Background: While the anatomy of the medial part of the knee has been described qualitatively, quantitative descriptions of the attachment sites of the main medial knee structures have not been reported. The purpose of the present study was to verify the qualitative anatomy of medial knee structures and to perform a quantitative evaluation of their anatomic attachment sites as well as their relationships to pertinent osseous landmarks.

Methods: Dissections were performed and measurements were made for eight nonpaired fresh-frozen cadaveric knees with use of an electromagnetic three-dimensional tracking sensor system.
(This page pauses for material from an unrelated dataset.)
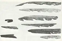 One individual buried in one of the ossuaries contained an unusual personal kit containing tools, skins, animal bones, a red stone tablet and a strike-a-light set. No other individuals had grave goods so it may be that this individual was prominent in the community or that we was a shaman or medicine man.[4]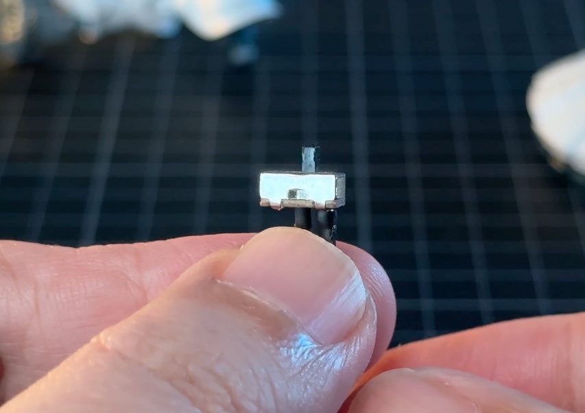 Amazonで購入したミニスイッチ「uxcell スライドスイッチ SPDT 1P2T 3ピン PCBパネルラッチ 100個入」を使用。

Results: In addition to the medial epicondyle and the adductor tubercle, a third osseous prominence, the gastrocnemius tubercle, which corresponded to the attachment site of the medial gastrocnemius tendon, was identified. The average length of the superficial medial (tibial) collateral ligament was 94.8 mm. The superficial medial collateral ligament femoral attachment was 3.2 mm proximal and 4.8 mm posterior to the medial epicondyle. The superficial medial collateral ligament had two separate attachments on the tibia. The distal attachment of the superficial medial collateral ligament on the tibia was 61.2 mm distal to the knee joint. The deep medial collateral ligament consisted of meniscofemoral and meniscotibial portions. The posterior oblique ligament femoral attachment was 7.7 mm distal and 6.4 mm posterior to the adductor tubercle and 1.4 mm distal and 2.9 mm anterior to the gastrocnemius tubercle. The medial patellofemoral ligament attachment on the femur was 1.9 mm anterior and 3.8 mm distal to the adductor tubercle.
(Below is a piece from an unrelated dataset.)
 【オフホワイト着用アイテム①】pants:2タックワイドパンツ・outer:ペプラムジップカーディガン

Conclusions: The medial knee ligament structures have a consistent attachment pattern.

Clinical Relevance: Identification of the gastrocnemius tubercle and the quantitative relationships presented here will be useful in the study of anatomic repairs and reconstructions of complex ligamentous injuries that involve the medial knee structures.

Footnotes

  • Disclosure: In support of their research for or preparation of this work, one or more of the authors received, in any one year, outside funding or grants in excess of $10,000 from Health East, Norway, and the Norwegian Research Council (grant #42692) and the Sports Medicine Research Fund of the Minnesota Medical Foundation. Neither they nor a member of their immediate families received payments or other benefits or a commitment or agreement to provide such benefits from a commercial entity. No commercial entity paid or directed, or agreed to pay or direct, any benefits to any research fund, foundation, division, center, clinical practice, or other charitable or nonprofit organization with which the authors, or a member of their immediate families, are affiliated or associated.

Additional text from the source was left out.